# cs8321 Lab 3 - CNN Visualization

#### Chip Henderson - 48996654

In this lab you will find and analyze a circuit in a common neural network.  A reference figure is also shown to help clarify the process of finding and analyzing deep circuits.

The terminology used in this labs is as follows: (1) a filter refers to the entire tensor that convolves with an input across all channels (i.e., a multi-channel filter like a 3x3x64 tensor), (2) a single channel filter refers to one channel of the aforementioned filter (e.g., a 3x3x1 convolution kernel), (3) and activation refers to the input or output of the filter depending on context (i.e., input activations for a filter are the inputs from a previous layer, output activations are all the filter outputs from a convolutional layer), (4) an input can refer to all input channels or a single input channel depending on the context (entire filter or single channel filter, respectively).
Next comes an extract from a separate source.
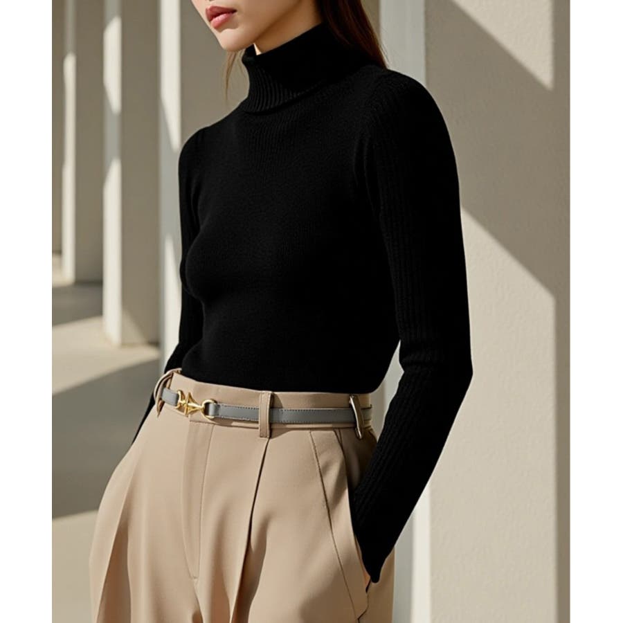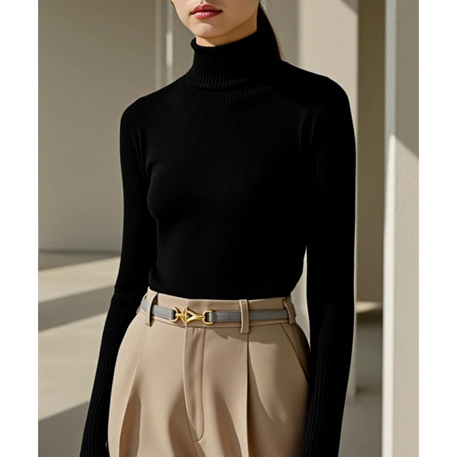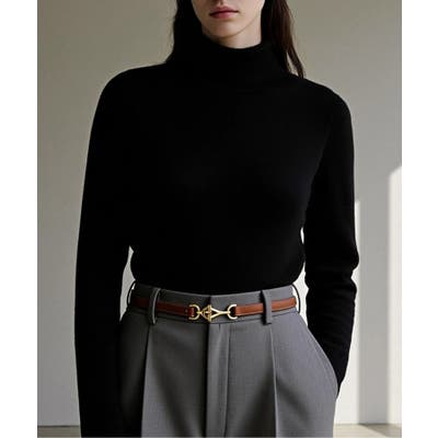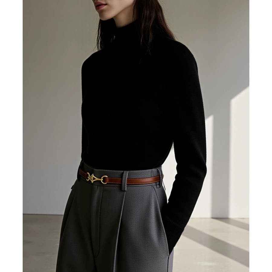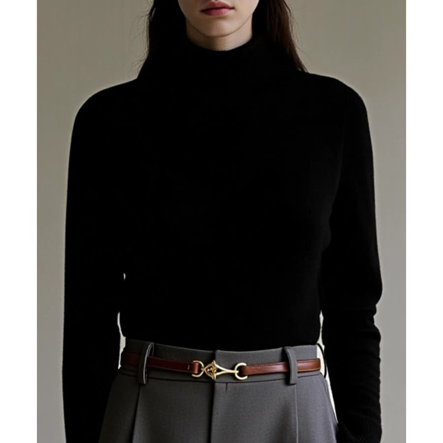 細身のベルトラインに、輝きを放つゴールドのメタルバックルがエレガントなアクセントを添えています。

A diagram is provided for clarity and this was covered in detail in the class lecture.

[3 Points] In groups, you should select a convolutional neural network model that has been pre-trained on a large dataset (preferably, ImageNet). These already trained models are readily available online through many mechanisms, including the keras.application package (Inception, Xception, VGG etc.) https://keras.io/api/applications/Links to an external site.  
It is recommended to select a model with somewhat simple structure, like VGG. This can help to simplify how to extract specific filters and inputs to filters later on.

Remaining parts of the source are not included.